I was so lucky to have spent much of my childhood with my grandparents. Gong Gong walked me to & from school each day. He took me to the park. I don’t remember much of what we talked about, but I do remember watching him at his desk as he wrote in his journal every day. I would stand at the doorway & wonder what he was chronicling. And I watched as he exercised, swinging his arms & hands front & back as part of his Tai Chi. And everyday, he would walk & count the number of steps he took–I think his goal was 5,000 (or was it 10,000?) a day.
When my grandfather was older, he started to lose his hearing. I would sit with him while he watched TV, & we didn’t talk much, but I always felt such a sense of calm & safety near him. I have no idea what he thought of me; I was wild as a teenager, but he never seemed to judge me.
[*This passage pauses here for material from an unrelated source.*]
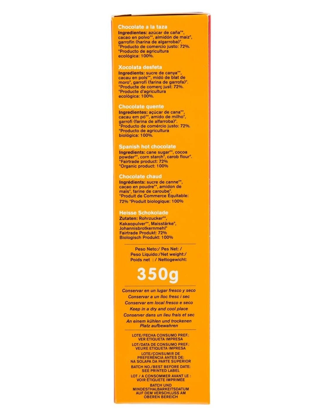 Chocolate a la taza en polvo en paquete de 350gr de peso. Incluye azúcar de caña natural de Paraguay y cacao desgrasado de República Dominicana.

I felt really happy just reading a novel near him while he watched the news, & if I saw that he had dozed off, I would just lay my book on my chest & take a nap next to him.
And on a photographic-cultural note, I was so excited to send this photograph to him, because I had hand-printed it myself in my makeshift darkroom in my apartment bathroom. “Sloppy borders” were my new obsession, so I included one on his portrait, because I thought it made it extra artsy. When I went home to visit, I noticed that he didn’t have my picture displayed in his room as I had hoped. In fact, it wasn’t anywhere in the house. When I asked my mom about it, she finally told me that in Chinese culture, black outlines only appear on stationery that announces someone’s death. So, I had unwittingly created an unlucky portrait of my grandfather–I was so mortified! I reprinted one for him without it & put it in a burgundy frame, but I don’t know that I ever undid the faux pas.
This is a scan from my original handmade silver gelatin print. I forgot how much I miss holding a print in my hand in this day & age of digital. I love the feeling of the matte Ilford paper, & I like that I can see how the color is beginning to turn where the chemicals are showing through. This print must be about 20 years old now. It’s hard to believe that I made something that long ago that I still love like the first time I saw the image floating out of the water.

Dear Pei,
This picture and what you wrote brought tears to my eyes. You totally captured how gong gong was in our minds. This is such a precious and touching piece of memory!
Love,
Bei
Beautiful
I remember that apartment, that darkroom and that photo!!! 20 years – no way. You have always had great talent. Love you. Jen
@Jenn–I know, can you believe that was 20 years ago we were living together?? Thanks, gal, for your sweet words. You were one of my muses when I got to shoot you whenever the mood struck us! I’ll have to feature you from Alice’s Archives in a future post!
@Steph–Thank you!! 🙂
@Bei–So wonderful to have you to share the memory of him. We were so lucky to have been able to live with him & Bubu. And I know your memories must be even sharper, because I was so little; there’s so much more I wish I remembered!